Por eso mismo, todos tenemos que actuar con la mayor responsabilidad posible: en el ámbito familiar tenemos que seguir como hasta ahora, siendo conscientes de que cada día supone un día menos para volver a la normalidad, y que no hemos hecho un esfuerzo tan grande para morir en la orilla, para estropearlo ahora con irresponsabilidades. Y también es nuestro derecho y obligación exigir responsabilidades a quienes están al frente de esta situación para que tomen las decisiones correctas.
En el ámbito de la empresa me atrevería desde aquí a lanzar una señal de alarma, puesto que parece que hay gente que todavía no se ha enterado de la gravedad de la situación que estamos atravesando. Hay empresas pasándolo realmente mal, hay negocios que nunca más van a poder abrir, y de misma manera que la mayor parte de la gente está esforzándose todo lo que puede para que la actividad de sus empresas continúe, me llegan ejemplos de algunos casos en los que esto no es así, protagonizados sobre todo por personal de servicios públicos no esenciales en este momento. Durante el obligatorio confinamiento y ante la tesitura de tener que trabajar desde el domicilio ha habido respuestas tales como: “mi ordenador es mío y mi conexión a internet también, ¿quién me va a resarcir de este coste?”, “no tengo por qué tener una videoconferencia desde mi domicilio con mi equipo para tratar asuntos de trabajo”, “no tengo disponibilidad a la hora señalada”… Mi interlocutor se lamentaba de que no era capaz de convocar ni siquiera a muchos interinos de su equipo para una reunión semanal.
También estamos asistiendo a cómo el campo requiere de personal para recoger la fruta y no es posible movilizar a ninguna de las más de 3.500.000 personas inscritas a finales de marzo como parados en el Ministerio de Empleo y Seguridad Social. Chocante.
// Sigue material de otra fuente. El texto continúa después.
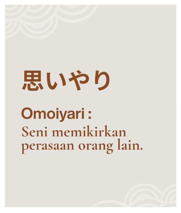 Budaya Jepang juga sangat menekankan Omoiyari, yaitu empati dan kepedulian pada orang lain. Inilah mengapa orang Jepang tidak berbicara keras di transportasi umum, membersihkan stadion setelah menonton bola, atau murid sekolah ikut membersihkan kelas.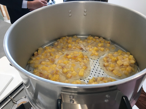 さつまいもに砂糖絡めて、粉ともち米などを合わせて蒸す料理。
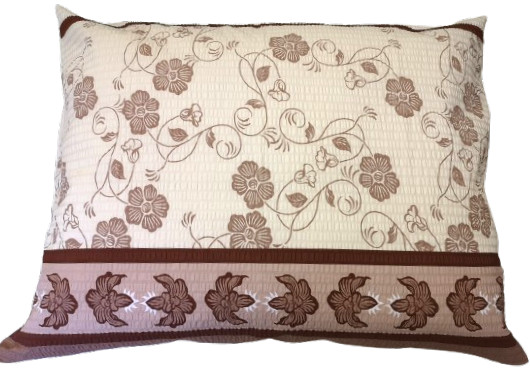 70x90 cm méretű krepp nagypárna huzat krém - barna virág mintás.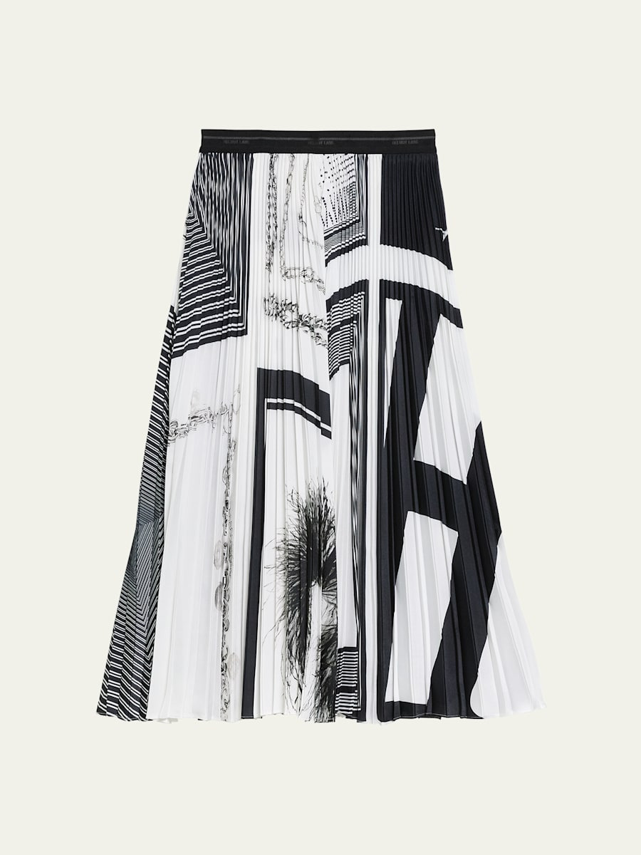 Helmut Lang abstract-print pleated midi skirt featuring an elastic logo waistband High right A-line silhouette Hem falls below the knee Pull-on style Polyester Unlined Dry clean Imported Shipping Direct from Vendor, usually ships within 7 business days. Online Inquiries: BGS21_T6LTA| Store Inquiries: #5009456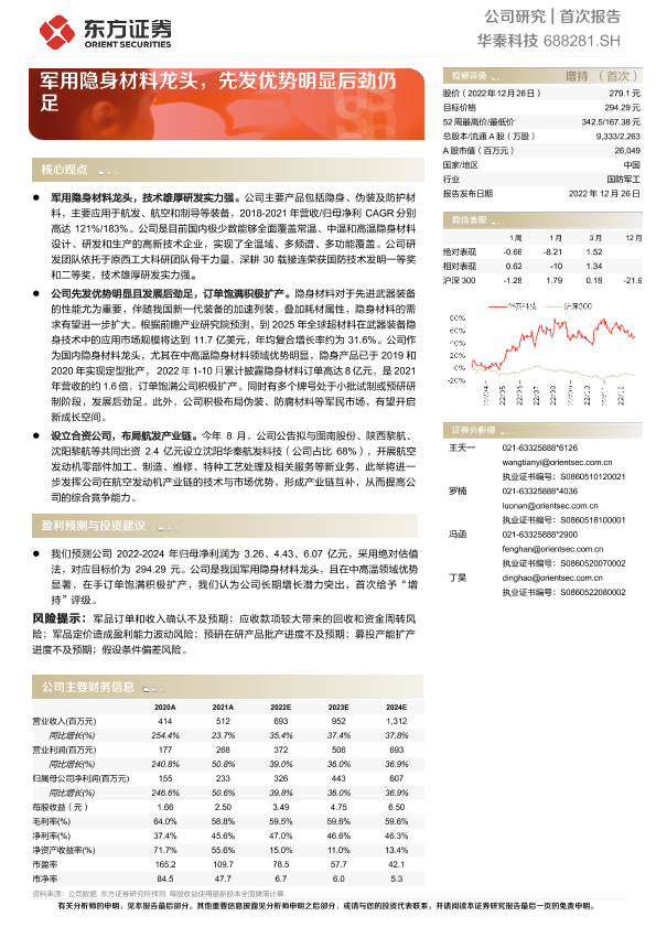 【东方证券】【20221226】20221226-东方证券-华秦科技-688281.SH-军用隐身材料龙头,先发优势明显后劲仍足-30页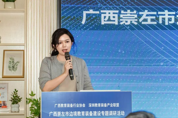 當日下午,桂深教育裝備企業交流研討會如期舉行。會上,23家教育裝備企業逐一展示了在智慧教學、校園信息化、實驗裝備、校園安全等領域的最新產品及解決方案,全方位呈現深圳科創產業優勢。并圍繞桂深兩地教育裝備企業赴崇左開展邊境教育裝備調研、企業產業資源互補、協同發展、深度合作等議題展開熱烈研討,凝聚共識、明確方向。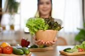 Zdjęcie "Urocza i ładna młoda Azjatka trzymająca pomidory, uśmiechnięta i patrząca w kamerę, ciesząca się robieniem miski sałatkowej w kuchni." może być wykorzystywane do celów osobistych i komercyjnych zgodnie z warunkami zakupionej licencji Royalty-free. Obraz jest dostępny do pobrania w jakości wysokiej rozdzielczości do 5760x3840.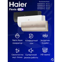 Кондиционеры серии Flexis сочетают в себе широкую функциональность и премиальный дизайн. Сплит-системы серии Flexis отлично подойдут для создания комфортного климата в квартире, частном доме или офисе летом, в межсезонье и даже зимой. Кондиционеры этой серии работают в режиме обогрева до −20С. Внутренние блоки представлены в белом, матовом черном и золотом (шампань) цветах. Отличительными особенностями этой серии являются функция стерилизации теплообменника Steri Clean 56C, убивающая до 99% бактерий и микробов, и новая LED УФ-лампа. Flexis совместим с новой IoT экосистемой Haier и может удаленно управляться по Wi-Fi через мобильное приложение. Функция Self Clean (внутренний блок)Инновационная технология очистки предполагает удаление микробов, бактерий, грибка и других вредных микроорганизмов, со временем накапливающихся на поверхности теплообменника с помощью процесса терморасширения. После активации функции очистки, кондиционер намараживает небольшой слой инея на теплообменнике. Затем, при оттайке жидкость выталкивается вместе с грязью, очищая теплообменник. Данная функция предусмотрена как в наружном, так и во внутреннем блоке. Функция «Self Clean» (наружный блок)Автоматическая очистка теплообменника наружного блока. После активации функции кондиционер намораживает лёд на теплообменнике. После этого температура теплообменника увеличивается. Лёд тает и при расширении выталкивает грязь из теплообменника«Экодатчик»При помощи датчика присутствия регистрируется наличие людей в помещении и их передвижение, в соответствии с чем работа кондиционера автоматически адаптируется под создание наиболее комфортных условий для человека. Датчик света системы Ecopilot контролирует уменьшение освещенности в помещении и в зависимости от этого система корректирует уставку температуры для обеспечения энергосбережения. Работа на обогрев до -20СЭффективная работа на обогрев до –20 °С предоставляет возможность использовать систему кондиционирования в качестве дополнительного источника тепла в межсезонье и в зимний период времени. Ag+ покрытие корпусаВо внутреннем блоке все пластиковые элементы изготавливаются с применением нано-ионов серебра, которые предотвращают рост бактерий, а так же образование плесени и грибка. Угольный фильтрУгольный фильтр выступает в роли абсорбента, впитывая запахи, дым и другие летучие соединения, включая вредные газы. Проходя через угольную фильтр-кассету, ненужные примеси оседают на ней. STERI-CLEAN 56°CПосле проведения процедуры самоочистки Self Clean автоматически стартует процесс стерилизации. Теплообменник принудительно осушается, и с помощью интеллектуального контроля температуры и регулировки частоты вращения вентилятора, температура на теплообменнике достигает 56°С и сохраняется в течение 30 минут после активации. Благодаря применению данной технологии вся внутренняя часть внутреннего блока сплит-системы стерилизуется, а находящиеся внутри вирусы и микроорганизмы погибают. Модуль O2 Fresh притока свежего воздуха (опция)Обеспечивая вентиляцию, модуль O2 Fresh гарантирует приток свежего воздуха в помещение. Объем подачи составляет 30 м3/час. Блок подачи свежего воздуха монтируется снаружи здания. Подача воздуха осуществляется по воздуховоду. УФ-лампа нового поколенияМодуль UVC состоит из двух светодиодных УФ-ламп, генерирующих У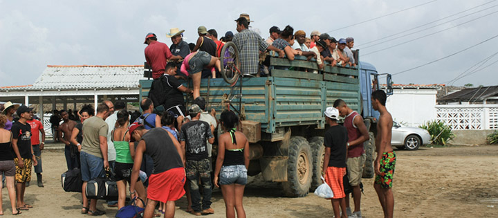 Ciudad Hidalgo, Mexico: Central American refugees boarding a truck on their way north to the US border.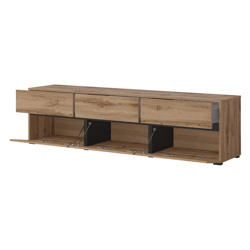 Ez a három lenyíló ajtós, három fiókos TV állvány a nappalija központi elemévé válhat. Praktikus, látható fogantyú nélküli kivitel, mely abszolút beleolvad környezetébe.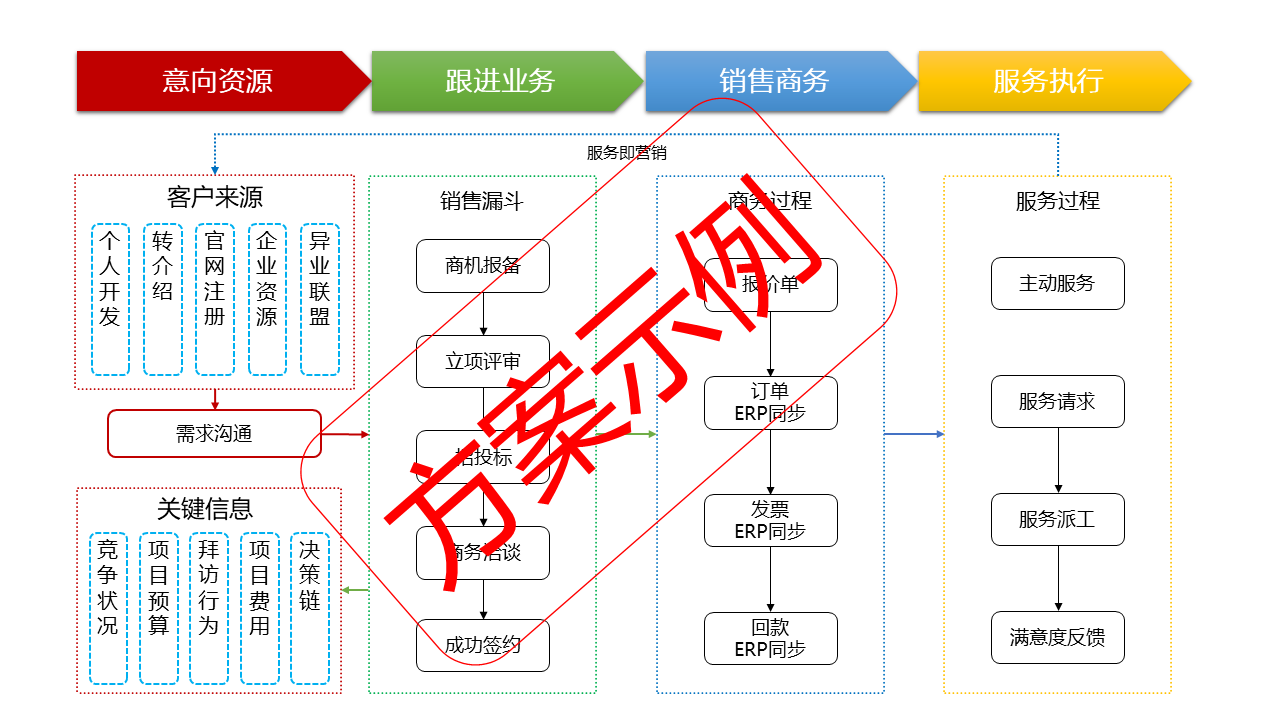 CRM以項目為主線,貫穿整個項目生命周期,協(xié)同管理不同階段的相關(guān)業(yè)務(wù)。將為不同角色提供特定的信息共享和評審功能,對控制點進(jìn)行管理:項目階段按統(tǒng)一的規(guī)范設(shè)置,便于統(tǒng)計分析;項目各階段可以設(shè)置里程碑及提醒與報警功能(可向預(yù)定的管理者報警);在項目過程中,能夠管理合作伙伴與競爭者、項目文檔、項目團(tuán)隊組建(包括權(quán)限管理)、項目計劃。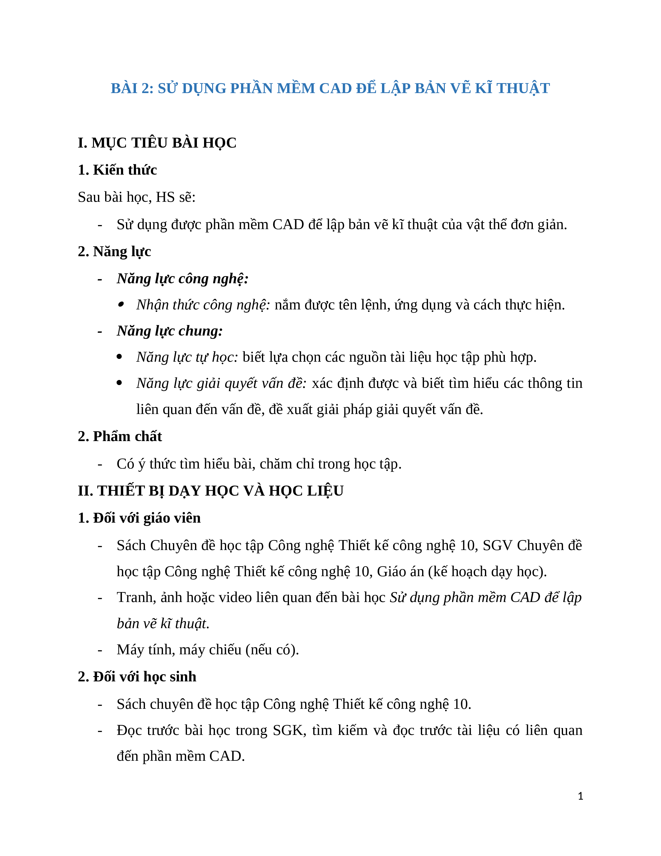 - Đọc trước bài học trong SGK, tìm kiếm và đọc trước tài liệu có liên quan đến phần mềm CAD. 1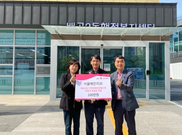 서울예은치과는 2021년 8월에도 어려운 이웃을 돕기 위해 배곧2동에 후원금을 전달했다. 이후에도 다양한 경로를 통해 지역사회 소외계층을 돕고 있다.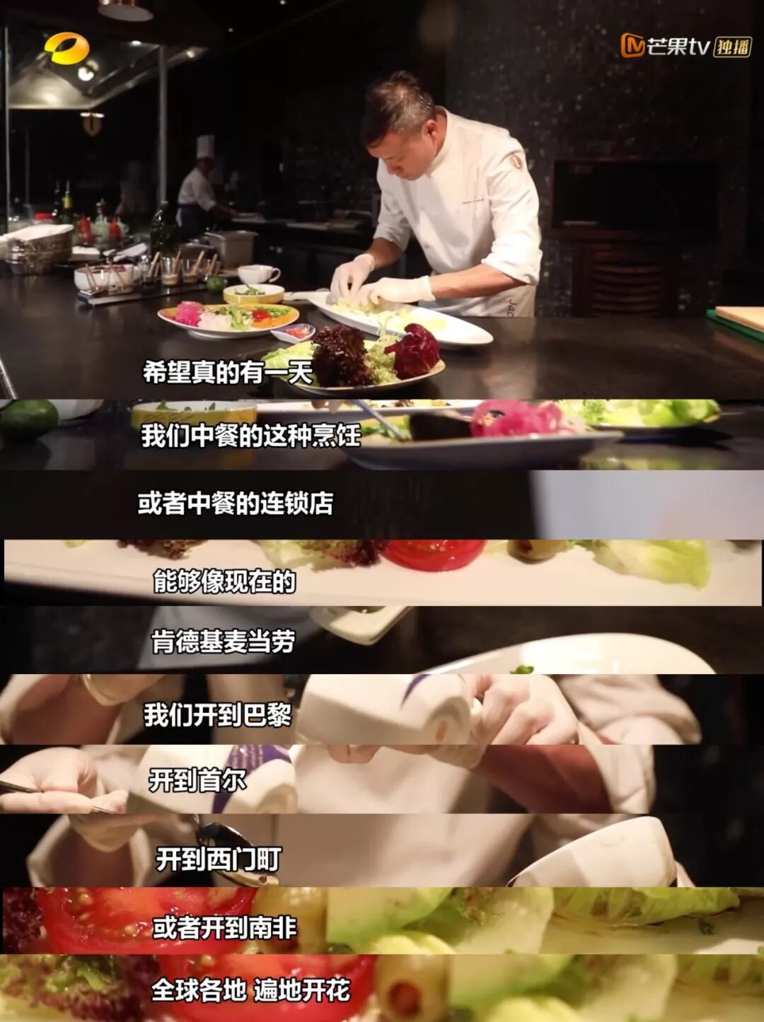 “我的理想就是,希望真的有一天, 我们中餐的这种烹饪, 或者中餐的连锁店, 能够像现在的肯德基麦当劳一样, 我们开到巴黎,开到首尔, 开到西门町,或者开到南非, 全球各地,遍地开花……”
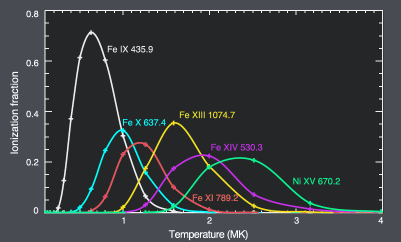 This graph shows ionization equilibrium curves for observed spectral lines.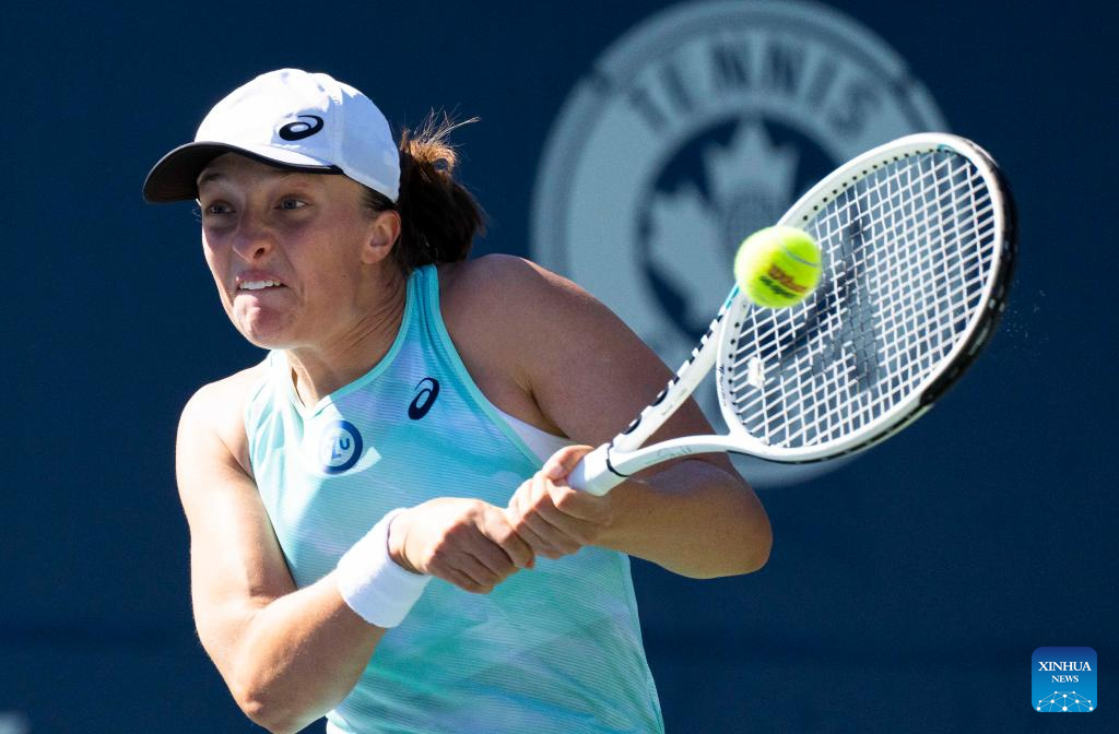 Iga Swiatek of Poland returns the ball during the third round of women's singles match between Iga Swiatek of Poland and Beatriz Haddad Maia of Brazil at the 2022 National Bank Open tennis tournament in Toronto, Canada, on Aug. 11, 2022. (Photo by Zou Zheng/Xinhua)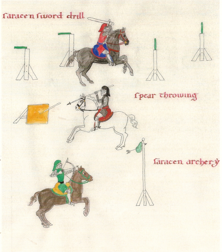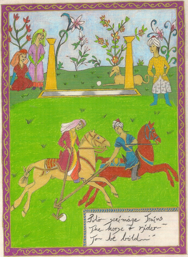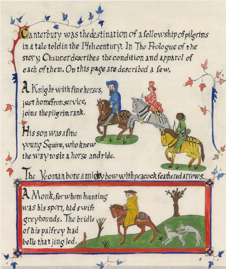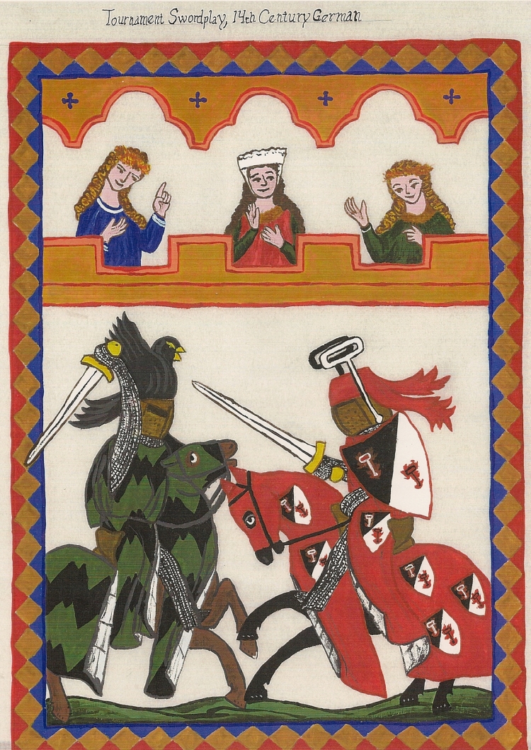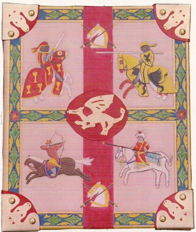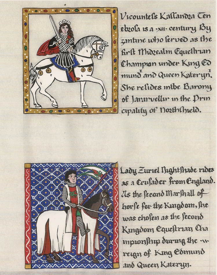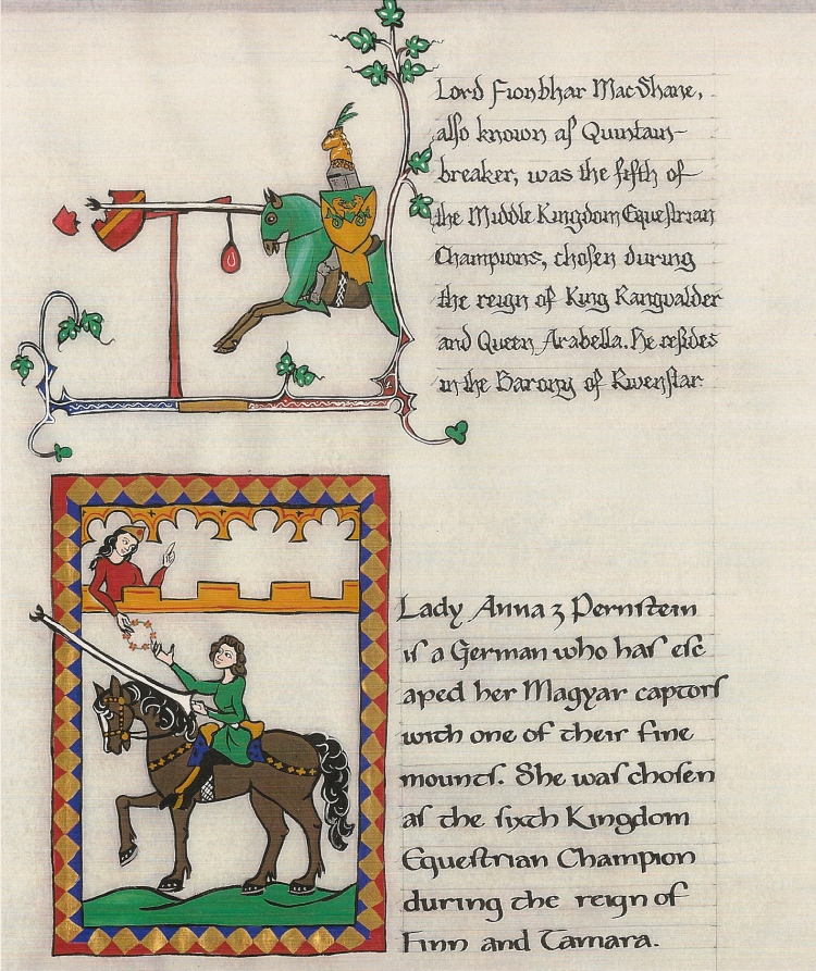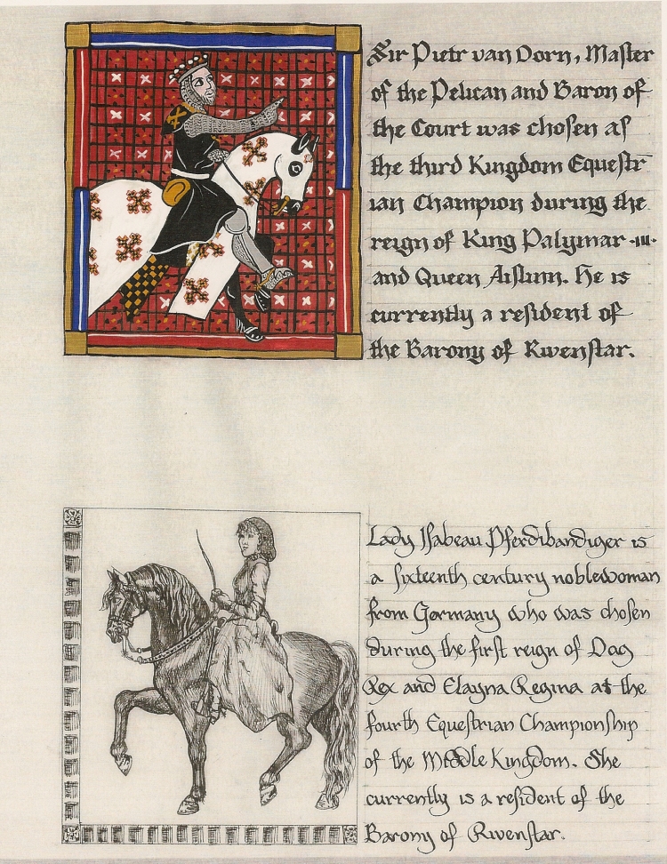 Besides giving the title and artisan names, the title page has numerous illustrations filling empty areas, just as many period illuminators would have done. Here are the third and fourth champions. The artwork on the champion pages reflects the time and culture the riders are portraying.

Siempre he tenido claro que debemos esforzarnos para que a nuestra empresa le vaya bien: si nuestra empresa gana, nosotros ganamos. Pero ahora estamos jugando a otra cosa, el barco se está hundiendo y todos tenemos que arrimar el hombro; ojo con la tecla que tocamos ahora, porque la supervivencia de las empresas, de muchos puestos de trabajo y quizás del sistema están en juego. Debemos ser conscientes y responsables de nuestros actos y de cómo éstos pueden influir en nuestro futuro, trabajar aunque sea a costa de sacrificar mínimamente alguno de nuestros derechos… y a la hora de elegir qué lastre soltar, pensar en quiénes son los remeros y quiénes el lastre de la nave.